--- Assigned task ---
Here are the records. Write out exactly the lines between the one holding "07-08 Mart 2026" and the one holding "НексГард Комбо –", inclusive.

--- Data supplied ---

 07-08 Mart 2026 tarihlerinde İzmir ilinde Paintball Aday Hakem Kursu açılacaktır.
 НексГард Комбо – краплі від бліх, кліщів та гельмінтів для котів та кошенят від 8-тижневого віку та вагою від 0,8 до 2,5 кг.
--
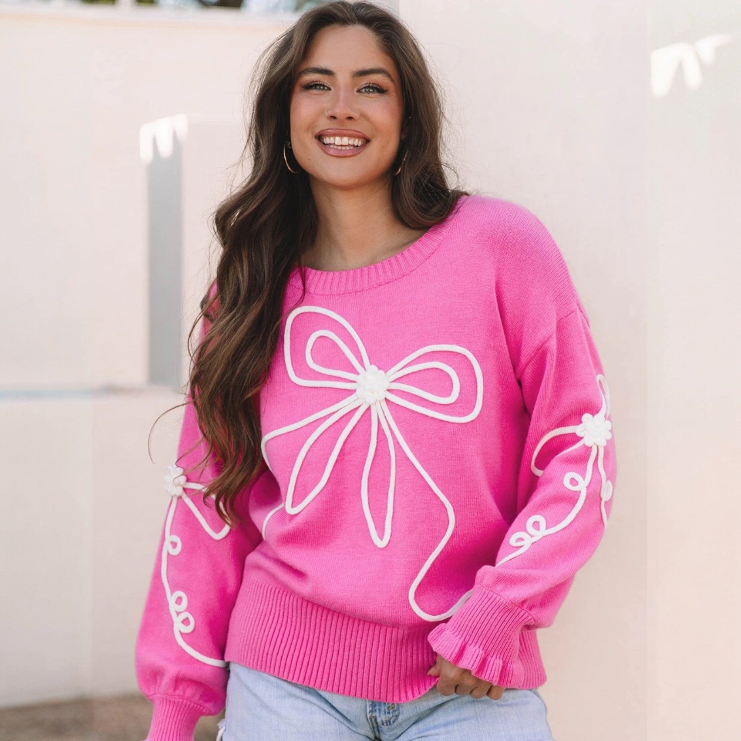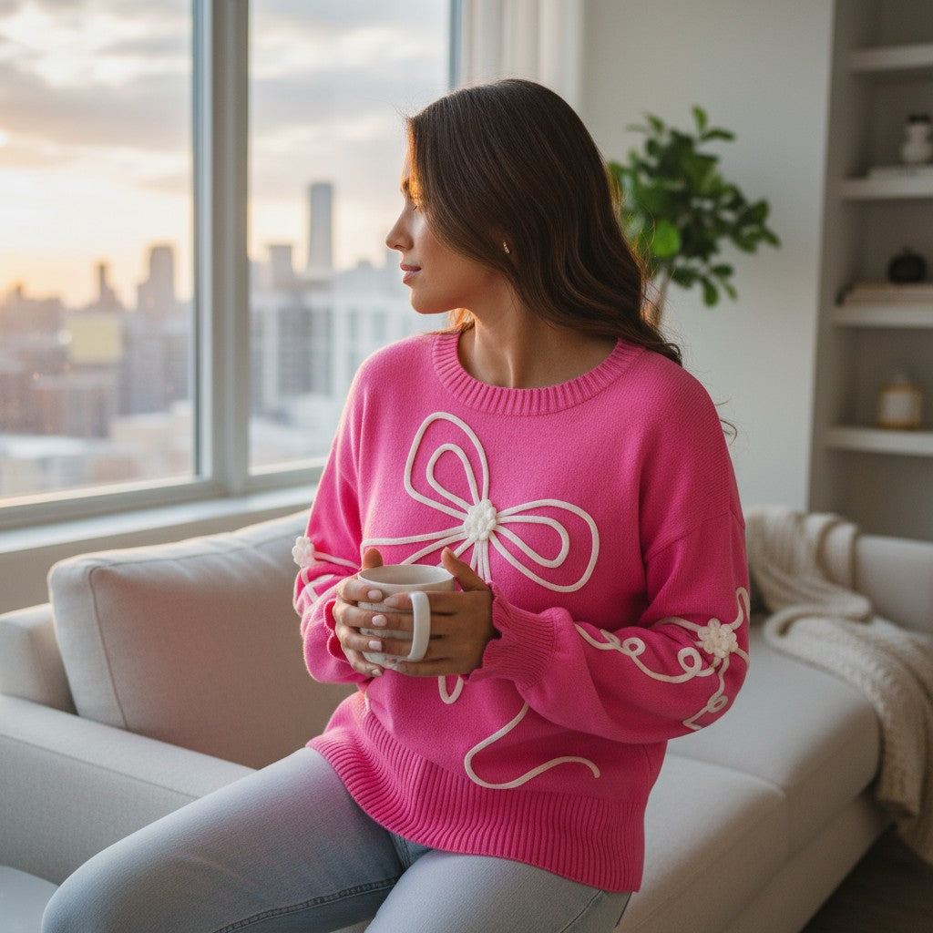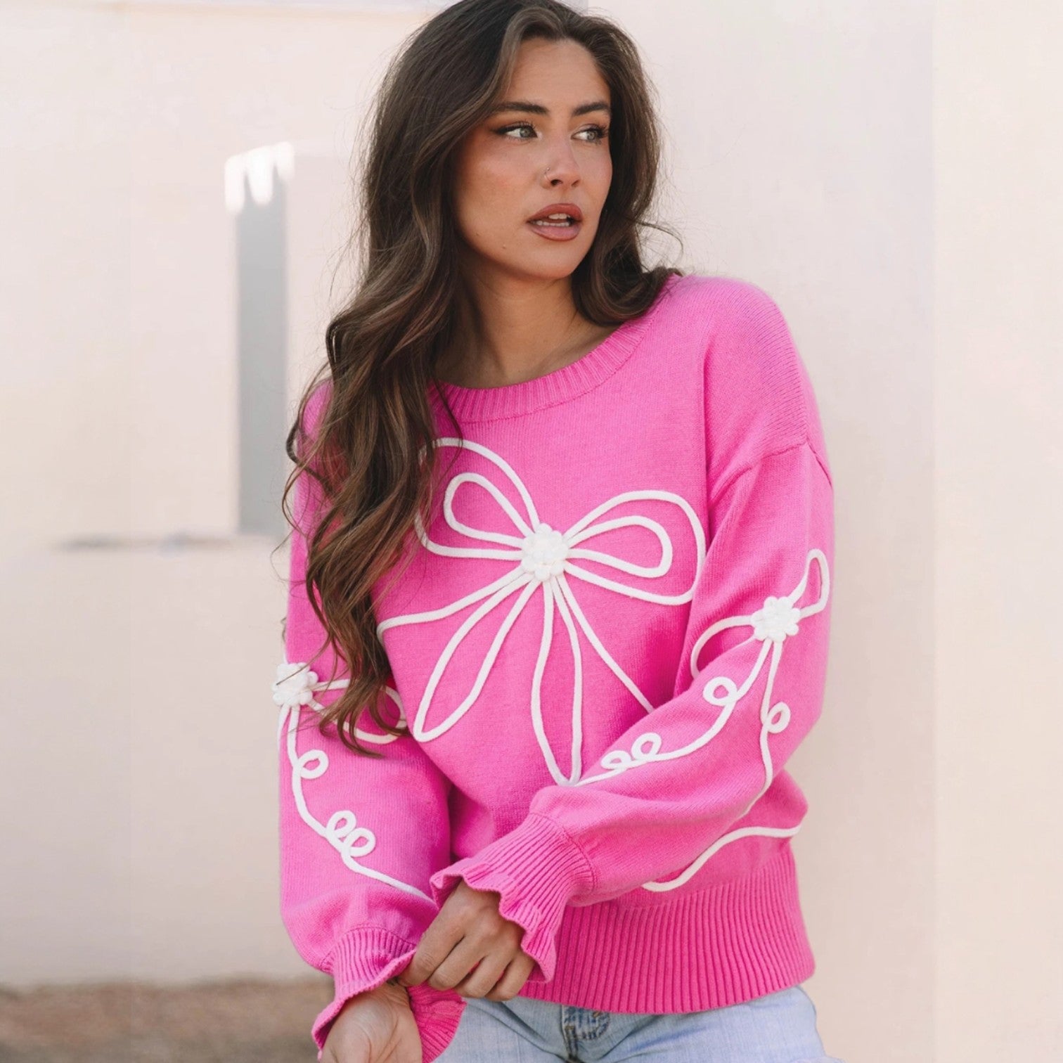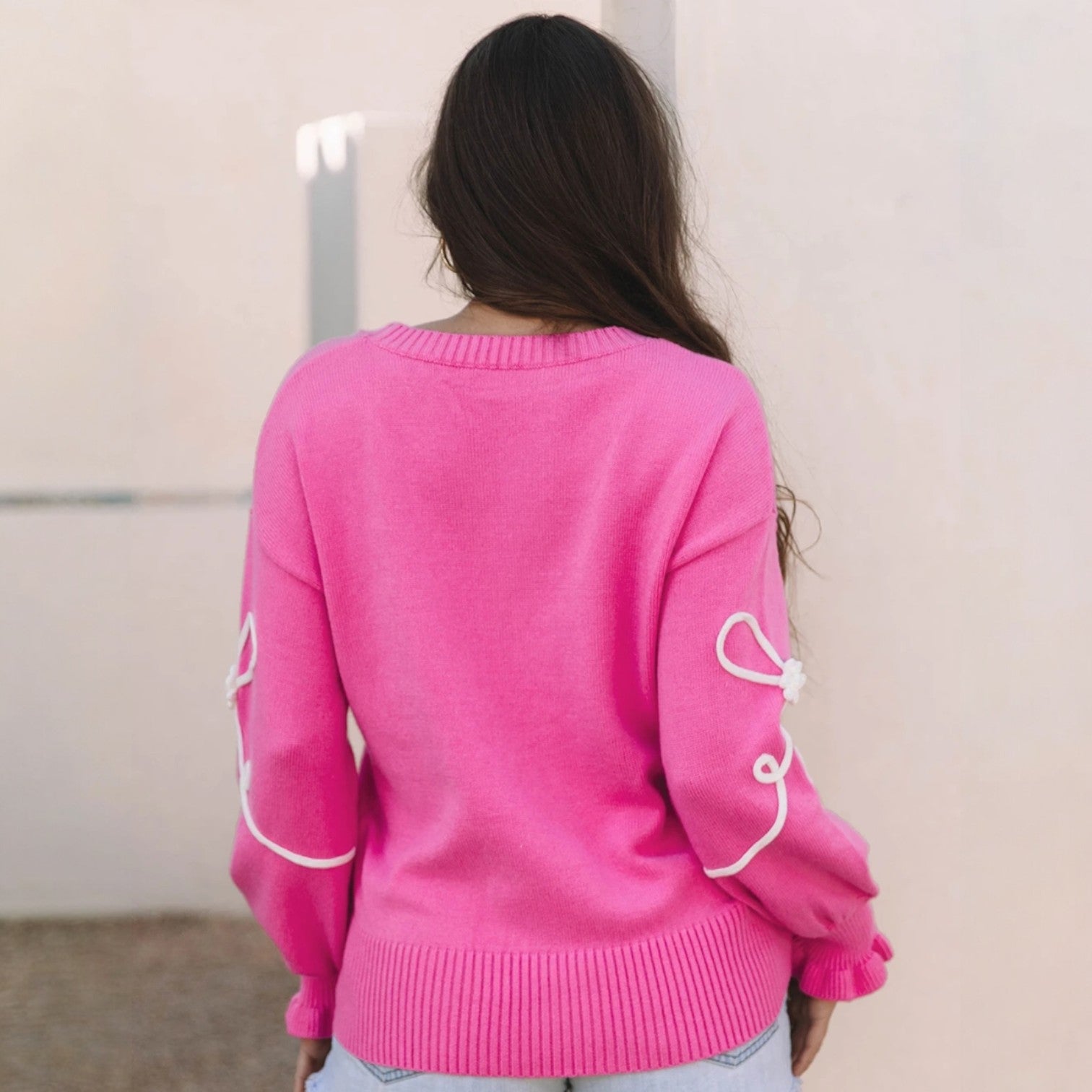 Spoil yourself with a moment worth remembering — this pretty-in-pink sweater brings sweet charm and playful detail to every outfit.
--
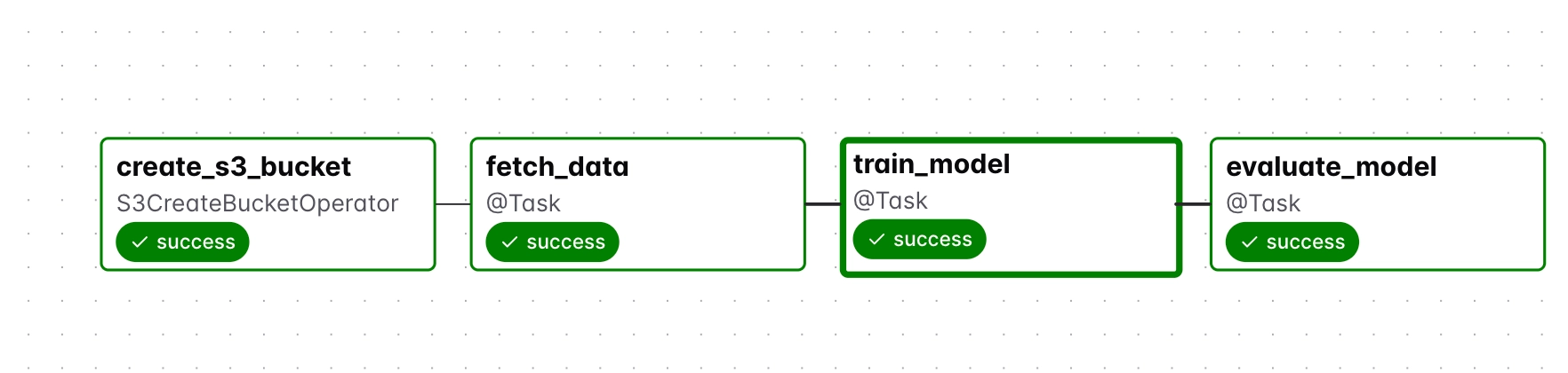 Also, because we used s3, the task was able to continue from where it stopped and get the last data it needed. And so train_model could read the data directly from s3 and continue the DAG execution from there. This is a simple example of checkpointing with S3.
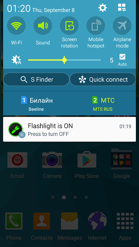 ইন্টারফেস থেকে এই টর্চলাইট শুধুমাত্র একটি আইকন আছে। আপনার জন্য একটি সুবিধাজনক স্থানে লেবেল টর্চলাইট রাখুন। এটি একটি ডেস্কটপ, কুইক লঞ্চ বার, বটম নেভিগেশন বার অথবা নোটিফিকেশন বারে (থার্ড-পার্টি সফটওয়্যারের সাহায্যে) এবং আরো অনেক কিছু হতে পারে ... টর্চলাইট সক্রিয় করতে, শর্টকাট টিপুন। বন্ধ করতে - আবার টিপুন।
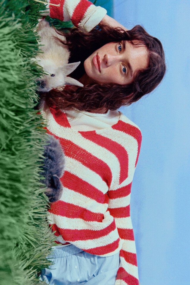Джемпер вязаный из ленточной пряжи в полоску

--- Task output ---
 07-08 Mart 2026 tarihlerinde İzmir ilinde Paintball Aday Hakem Kursu açılacaktır.
 НексГард Комбо – краплі від бліх, кліщів та гельмінтів для котів та кошенят від 8-тижневого віку та вагою від 0,8 до 2,5 кг.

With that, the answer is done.